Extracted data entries
--- --- ---

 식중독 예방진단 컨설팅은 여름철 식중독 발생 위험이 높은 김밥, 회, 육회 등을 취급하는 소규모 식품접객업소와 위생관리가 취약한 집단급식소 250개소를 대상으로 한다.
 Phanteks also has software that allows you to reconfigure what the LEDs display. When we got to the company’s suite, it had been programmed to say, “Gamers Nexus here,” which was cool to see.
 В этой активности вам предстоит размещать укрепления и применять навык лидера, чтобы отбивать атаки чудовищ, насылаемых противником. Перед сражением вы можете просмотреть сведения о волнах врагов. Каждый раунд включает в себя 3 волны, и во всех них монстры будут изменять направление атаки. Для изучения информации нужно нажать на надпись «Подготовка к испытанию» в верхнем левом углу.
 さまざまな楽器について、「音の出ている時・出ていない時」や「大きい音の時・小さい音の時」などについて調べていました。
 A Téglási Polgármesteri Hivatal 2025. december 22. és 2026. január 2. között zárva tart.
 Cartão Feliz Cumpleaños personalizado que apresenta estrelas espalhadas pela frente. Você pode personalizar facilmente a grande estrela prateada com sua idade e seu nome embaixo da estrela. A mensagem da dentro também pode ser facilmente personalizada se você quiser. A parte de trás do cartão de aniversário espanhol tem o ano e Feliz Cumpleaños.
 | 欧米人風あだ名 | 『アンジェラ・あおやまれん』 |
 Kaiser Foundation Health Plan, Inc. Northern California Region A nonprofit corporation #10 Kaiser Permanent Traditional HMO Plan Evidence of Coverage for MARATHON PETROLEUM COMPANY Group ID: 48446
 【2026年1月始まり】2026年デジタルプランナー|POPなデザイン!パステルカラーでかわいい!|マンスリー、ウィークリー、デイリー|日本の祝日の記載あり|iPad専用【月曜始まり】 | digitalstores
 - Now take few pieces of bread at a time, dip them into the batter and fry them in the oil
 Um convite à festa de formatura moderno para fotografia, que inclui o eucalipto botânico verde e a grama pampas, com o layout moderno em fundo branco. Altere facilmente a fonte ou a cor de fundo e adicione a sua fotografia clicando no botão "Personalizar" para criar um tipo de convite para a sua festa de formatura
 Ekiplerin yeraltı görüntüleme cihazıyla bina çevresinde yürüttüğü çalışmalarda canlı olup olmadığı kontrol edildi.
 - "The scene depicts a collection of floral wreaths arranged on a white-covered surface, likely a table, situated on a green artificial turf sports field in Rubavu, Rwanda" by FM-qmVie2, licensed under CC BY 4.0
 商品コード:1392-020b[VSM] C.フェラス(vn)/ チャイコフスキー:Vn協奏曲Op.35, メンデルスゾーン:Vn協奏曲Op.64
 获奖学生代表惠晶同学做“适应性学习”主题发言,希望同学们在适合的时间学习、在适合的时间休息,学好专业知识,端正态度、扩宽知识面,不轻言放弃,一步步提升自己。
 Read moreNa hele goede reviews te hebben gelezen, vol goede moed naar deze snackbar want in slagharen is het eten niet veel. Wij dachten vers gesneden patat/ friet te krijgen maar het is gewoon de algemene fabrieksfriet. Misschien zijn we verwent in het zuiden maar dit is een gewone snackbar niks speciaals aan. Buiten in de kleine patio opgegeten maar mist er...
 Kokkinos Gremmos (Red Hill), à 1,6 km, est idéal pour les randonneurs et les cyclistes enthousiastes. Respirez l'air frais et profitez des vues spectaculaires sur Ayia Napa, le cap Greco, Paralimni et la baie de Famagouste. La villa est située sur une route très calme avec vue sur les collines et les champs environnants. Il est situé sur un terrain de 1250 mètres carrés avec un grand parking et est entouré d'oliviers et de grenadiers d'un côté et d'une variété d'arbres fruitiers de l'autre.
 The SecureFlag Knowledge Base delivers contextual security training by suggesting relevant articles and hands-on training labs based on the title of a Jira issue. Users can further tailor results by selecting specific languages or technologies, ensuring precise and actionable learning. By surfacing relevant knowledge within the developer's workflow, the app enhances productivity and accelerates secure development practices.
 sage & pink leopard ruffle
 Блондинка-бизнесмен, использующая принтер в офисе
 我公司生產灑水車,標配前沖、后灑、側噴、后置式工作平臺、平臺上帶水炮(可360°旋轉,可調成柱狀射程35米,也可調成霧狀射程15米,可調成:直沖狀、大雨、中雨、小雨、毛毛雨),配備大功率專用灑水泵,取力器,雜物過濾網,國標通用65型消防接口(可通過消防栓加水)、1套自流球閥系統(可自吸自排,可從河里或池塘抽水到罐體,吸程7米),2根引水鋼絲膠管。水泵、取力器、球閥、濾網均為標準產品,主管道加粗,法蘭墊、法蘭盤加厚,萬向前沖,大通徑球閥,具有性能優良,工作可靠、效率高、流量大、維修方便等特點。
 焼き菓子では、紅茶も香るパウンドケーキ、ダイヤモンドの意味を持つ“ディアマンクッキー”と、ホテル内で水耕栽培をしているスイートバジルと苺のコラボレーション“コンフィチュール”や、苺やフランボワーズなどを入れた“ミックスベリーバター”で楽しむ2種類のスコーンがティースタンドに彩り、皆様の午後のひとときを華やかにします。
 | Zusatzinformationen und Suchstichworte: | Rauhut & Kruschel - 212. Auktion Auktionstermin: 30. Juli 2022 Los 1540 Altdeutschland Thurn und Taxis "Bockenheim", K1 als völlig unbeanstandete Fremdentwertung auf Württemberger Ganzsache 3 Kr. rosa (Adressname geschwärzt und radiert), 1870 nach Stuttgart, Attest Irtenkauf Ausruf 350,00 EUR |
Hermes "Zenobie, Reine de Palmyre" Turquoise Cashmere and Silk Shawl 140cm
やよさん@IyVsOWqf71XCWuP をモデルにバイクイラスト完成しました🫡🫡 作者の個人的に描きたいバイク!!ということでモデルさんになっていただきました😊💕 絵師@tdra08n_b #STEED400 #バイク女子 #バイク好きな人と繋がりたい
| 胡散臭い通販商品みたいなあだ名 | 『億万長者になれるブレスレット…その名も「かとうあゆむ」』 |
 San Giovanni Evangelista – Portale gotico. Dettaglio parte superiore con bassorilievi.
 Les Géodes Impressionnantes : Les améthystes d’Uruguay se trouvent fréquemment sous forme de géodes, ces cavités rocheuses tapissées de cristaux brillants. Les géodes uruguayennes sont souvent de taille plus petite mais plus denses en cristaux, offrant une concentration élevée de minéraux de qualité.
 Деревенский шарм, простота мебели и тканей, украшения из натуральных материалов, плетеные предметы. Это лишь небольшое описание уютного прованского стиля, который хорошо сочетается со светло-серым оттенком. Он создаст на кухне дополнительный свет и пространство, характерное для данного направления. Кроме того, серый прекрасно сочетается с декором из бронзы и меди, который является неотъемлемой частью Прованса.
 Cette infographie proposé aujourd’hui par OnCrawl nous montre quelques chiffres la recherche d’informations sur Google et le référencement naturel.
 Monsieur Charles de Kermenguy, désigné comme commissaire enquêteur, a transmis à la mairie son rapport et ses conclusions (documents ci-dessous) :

--- --- ---

*Exercise directions*
Repeat the data. Every word must match.

*Exercise output*
 식중독 예방진단 컨설팅은 여름철 식중독 발생 위험이 높은 김밥, 회, 육회 등을 취급하는 소규모 식품접객업소와 위생관리가 취약한 집단급식소 250개소를 대상으로 한다.
 Phanteks also has software that allows you to reconfigure what the LEDs display. When we got to the company’s suite, it had been programmed to say, “Gamers Nexus here,” which was cool to see.
 В этой активности вам предстоит размещать укрепления и применять навык лидера, чтобы отбивать атаки чудовищ, насылаемых противником. Перед сражением вы можете просмотреть сведения о волнах врагов. Каждый раунд включает в себя 3 волны, и во всех них монстры будут изменять направление атаки. Для изучения информации нужно нажать на надпись «Подготовка к испытанию» в верхнем левом углу.
 さまざまな楽器について、「音の出ている時・出ていない時」や「大きい音の時・小さい音の時」などについて調べていました。
 A Téglási Polgármesteri Hivatal 2025. december 22. és 2026. január 2. között zárva tart.
 Cartão Feliz Cumpleaños personalizado que apresenta estrelas espalhadas pela frente. Você pode personalizar facilmente a grande estrela prateada com sua idade e seu nome embaixo da estrela. A mensagem da dentro também pode ser facilmente personalizada se você quiser. A parte de trás do cartão de aniversário espanhol tem o ano e Feliz Cumpleaños.
 | 欧米人風あだ名 | 『アンジェラ・あおやまれん』 |
 Kaiser Foundation Health Plan, Inc. Northern California Region A nonprofit corporation #10 Kaiser Permanent Traditional HMO Plan Evidence of Coverage for MARATHON PETROLEUM COMPANY Group ID: 48446
 【2026年1月始まり】2026年デジタルプランナー|POPなデザイン!パステルカラーでかわいい!|マンスリー、ウィークリー、デイリー|日本の祝日の記載あり|iPad専用【月曜始まり】 | digitalstores
 - Now take few pieces of bread at a time, dip them into the batter and fry them in the oil
 Um convite à festa de formatura moderno para fotografia, que inclui o eucalipto botânico verde e a grama pampas, com o layout moderno em fundo branco. Altere facilmente a fonte ou a cor de fundo e adicione a sua fotografia clicando no botão "Personalizar" para criar um tipo de convite para a sua festa de formatura
 Ekiplerin yeraltı görüntüleme cihazıyla bina çevresinde yürüttüğü çalışmalarda canlı olup olmadığı kontrol edildi.
 - "The scene depicts a collection of floral wreaths arranged on a white-covered surface, likely a table, situated on a green artificial turf sports field in Rubavu, Rwanda" by FM-qmVie2, licensed under CC BY 4.0
 商品コード:1392-020b[VSM] C.フェラス(vn)/ チャイコフスキー:Vn協奏曲Op.35, メンデルスゾーン:Vn協奏曲Op.64
 获奖学生代表惠晶同学做“适应性学习”主题发言,希望同学们在适合的时间学习、在适合的时间休息,学好专业知识,端正态度、扩宽知识面,不轻言放弃,一步步提升自己。
 Read moreNa hele goede reviews te hebben gelezen, vol goede moed naar deze snackbar want in slagharen is het eten niet veel. Wij dachten vers gesneden patat/ friet te krijgen maar het is gewoon de algemene fabrieksfriet. Misschien zijn we verwent in het zuiden maar dit is een gewone snackbar niks speciaals aan. Buiten in de kleine patio opgegeten maar mist er...
 Kokkinos Gremmos (Red Hill), à 1,6 km, est idéal pour les randonneurs et les cyclistes enthousiastes. Respirez l'air frais et profitez des vues spectaculaires sur Ayia Napa, le cap Greco, Paralimni et la baie de Famagouste. La villa est située sur une route très calme avec vue sur les collines et les champs environnants. Il est situé sur un terrain de 1250 mètres carrés avec un grand parking et est entouré d'oliviers et de grenadiers d'un côté et d'une variété d'arbres fruitiers de l'autre.
 The SecureFlag Knowledge Base delivers contextual security training by suggesting relevant articles and hands-on training labs based on the title of a Jira issue. Users can further tailor results by selecting specific languages or technologies, ensuring precise and actionable learning. By surfacing relevant knowledge within the developer's workflow, the app enhances productivity and accelerates secure development practices.
 sage & pink leopard ruffle
 Блондинка-бизнесмен, использующая принтер в офисе
 我公司生產灑水車,標配前沖、后灑、側噴、后置式工作平臺、平臺上帶水炮(可360°旋轉,可調成柱狀射程35米,也可調成霧狀射程15米,可調成:直沖狀、大雨、中雨、小雨、毛毛雨),配備大功率專用灑水泵,取力器,雜物過濾網,國標通用65型消防接口(可通過消防栓加水)、1套自流球閥系統(可自吸自排,可從河里或池塘抽水到罐體,吸程7米),2根引水鋼絲膠管。水泵、取力器、球閥、濾網均為標準產品,主管道加粗,法蘭墊、法蘭盤加厚,萬向前沖,大通徑球閥,具有性能優良,工作可靠、效率高、流量大、維修方便等特點。
 焼き菓子では、紅茶も香るパウンドケーキ、ダイヤモンドの意味を持つ“ディアマンクッキー”と、ホテル内で水耕栽培をしているスイートバジルと苺のコラボレーション“コンフィチュール”や、苺やフランボワーズなどを入れた“ミックスベリーバター”で楽しむ2種類のスコーンがティースタンドに彩り、皆様の午後のひとときを華やかにします。
 | Zusatzinformationen und Suchstichworte: | Rauhut & Kruschel - 212. Auktion Auktionstermin: 30. Juli 2022 Los 1540 Altdeutschland Thurn und Taxis "Bockenheim", K1 als völlig unbeanstandete Fremdentwertung auf Württemberger Ganzsache 3 Kr. rosa (Adressname geschwärzt und radiert), 1870 nach Stuttgart, Attest Irtenkauf Ausruf 350,00 EUR |
Hermes "Zenobie, Reine de Palmyre" Turquoise Cashmere and Silk Shawl 140cm
やよさん@IyVsOWqf71XCWuP をモデルにバイクイラスト完成しました🫡🫡 作者の個人的に描きたいバイク!!ということでモデルさんになっていただきました😊💕 絵師@tdra08n_b #STEED400 #バイク女子 #バイク好きな人と繋がりたい
| 胡散臭い通販商品みたいなあだ名 | 『億万長者になれるブレスレット…その名も「かとうあゆむ」』 |
 San Giovanni Evangelista – Portale gotico. Dettaglio parte superiore con bassorilievi.
 Les Géodes Impressionnantes : Les améthystes d’Uruguay se trouvent fréquemment sous forme de géodes, ces cavités rocheuses tapissées de cristaux brillants. Les géodes uruguayennes sont souvent de taille plus petite mais plus denses en cristaux, offrant une concentration élevée de minéraux de qualité.
 Деревенский шарм, простота мебели и тканей, украшения из натуральных материалов, плетеные предметы. Это лишь небольшое описание уютного прованского стиля, который хорошо сочетается со светло-серым оттенком. Он создаст на кухне дополнительный свет и пространство, характерное для данного направления. Кроме того, серый прекрасно сочетается с декором из бронзы и меди, который является неотъемлемой частью Прованса.
 Cette infographie proposé aujourd’hui par OnCrawl nous montre quelques chiffres la recherche d’informations sur Google et le référencement naturel.
 Monsieur Charles de Kermenguy, désigné comme commissaire enquêteur, a transmis à la mairie son rapport et ses conclusions (documents ci-dessous) :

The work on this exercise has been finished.